Truth is stranger than fiction

----------


## jm

Payroll werkt te gek als je hun commissie voor lief neemt (5% geloof ik) Alleen pas op met klanten uit het buitenland, want dan geldt de regeling van drie weken geld op je rekening niet altijd. Tot nu toe (3 jaar) nog nooit problemen met hun ehad, alles wordt correct afgehanfdeld, via e mail krijg je tegenwoordig een bericht of je opdracht verwerkt is, met een nieuw e mailtje wanneer je geld op de rekening staat... Zelf doen is waarschijnlijk goedkoper, maar het scheelt gewoon heel veel administratie

----------


## henk.db

Hee, Jm
Jij werkt dus al 3 jaar voor Payroll
Mag ik je wat vragen:
Maak jij met opdrachtgevers ook een ex BTW afspraak?
en hoeveel hou je daar uiteindelijk netto aan over, Payroll zelf zegt dat dat de helft is. Klopt dat?

----------


## jm

Dat kan ongeveer wel kloppen, er staat op de site van payroll een verloningstabel. Wat ik wel doe is om een vast bedrag incl kilometers af te spreken ex btw incl commissie payroll. Op de werkbon schrijf ik erbij dat de prijs incl km is, deze zijn belastingvrij, waardoor mijn netto bedrag wat hoger uitkomt, ik zal een rekenvoorbeeld deze week nog even nakijken.

----------


## jm

Zoals beloofd een berekening van een loonbriefje:
Afspraak met de werkgever:euro 140,- ex 6% btw incl. km's.
Onkosten (km's)_________:euro 41,48
Netto uitbetaling_________:euro 84,06 op rekening binnen 3,5 week.

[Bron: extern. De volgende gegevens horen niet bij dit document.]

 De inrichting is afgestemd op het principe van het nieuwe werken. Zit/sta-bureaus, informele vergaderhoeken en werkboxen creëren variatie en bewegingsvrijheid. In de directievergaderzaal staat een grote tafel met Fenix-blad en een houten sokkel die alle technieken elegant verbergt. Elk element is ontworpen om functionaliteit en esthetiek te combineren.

+ het voordeel dat je aan het eind van het jaar netjes een jaaropgave krijgt toegestuurd.

----------


## Roland

Als ik ergens gedraaid heb, is het gewoon einde van de avond KASSA.

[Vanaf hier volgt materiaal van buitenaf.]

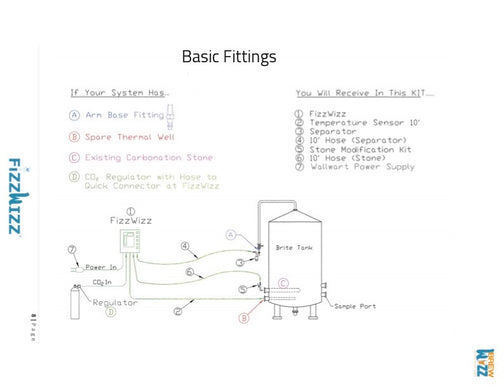 The FizzWizz connects to any carbonation tank, including fermentation vessels/ uni-tanks. BrewWizz offers three fitting kits for reliable tank connection, and it is recommended that they are dedicated per tank.

Heb mijn eigen BTW nummer en maak mijn eigen rekening, alles contant afrekenen (behalve vaste klanten) en de dag erna naar de bank.

Op deze manier kun je dus alles van de belasting aftrekken en houd je een heleboel geld over.

Waarom moeilijk doen als het makkelijk kan.

----------


## ralph

6% BTW tarief, mag ik vragen waarom jij onder het lage tarief valt? en niet onder 19%, ben erg benieuwd...

*kind*of*cool*

----------


## jm

Ik geloof dat dat te maken heeft met het feit dat ik mezelf als persoon verhuur, dienstverlening geloof ik, zodra ik materiaal meeneem is het een productie..... Hoe het precies in elkaar zit zou ik eigenlijk niet weten!

----------


## Davy Gabriels

Hier in Belgie hoef je zelfs voor een dienst als DJ (zogenoemde "podiumartiest") geen BTW aan te rekenen.

----------


## SjorsReekers

Die 6% is vanwege het feit dat een dj door de politiek als muzikant wordt gezien. Zie de volgende link: 3VOOR12 - Gezamenlijke motie SP en D66 regelt artiestenstatus voor dj

Verder kan je als dj/muzikant als je niet meer dan 136,00 verdient ook gebruik maken van de Kleine Vergoedingsregeling (KVR). Dit komt er op neer dat je 136,00 euro belastingvrij kan verdienen. Tis wel wat papierwerk, maar uiteindelijk scheelt het je wel een boel belasting. In het volgende pdf document meer informatie over Artiesten & de Belastingregels: http://www.bibelot.net/Beheer/Dynami...tingregels.pdf

----------


## Kilian

Ik heb mij tot kort altijd via payoll uitlaten betalen. Ben erg positief. Zeker over de digitale veranderingen die de laatste maanden gemaakt zijn. Als je een beetje geluk heb dan komt er geen papierwerk meer aan te pas (enkel dan de loonstrook die je krijgt) en krijg je in 7 dagen betaald.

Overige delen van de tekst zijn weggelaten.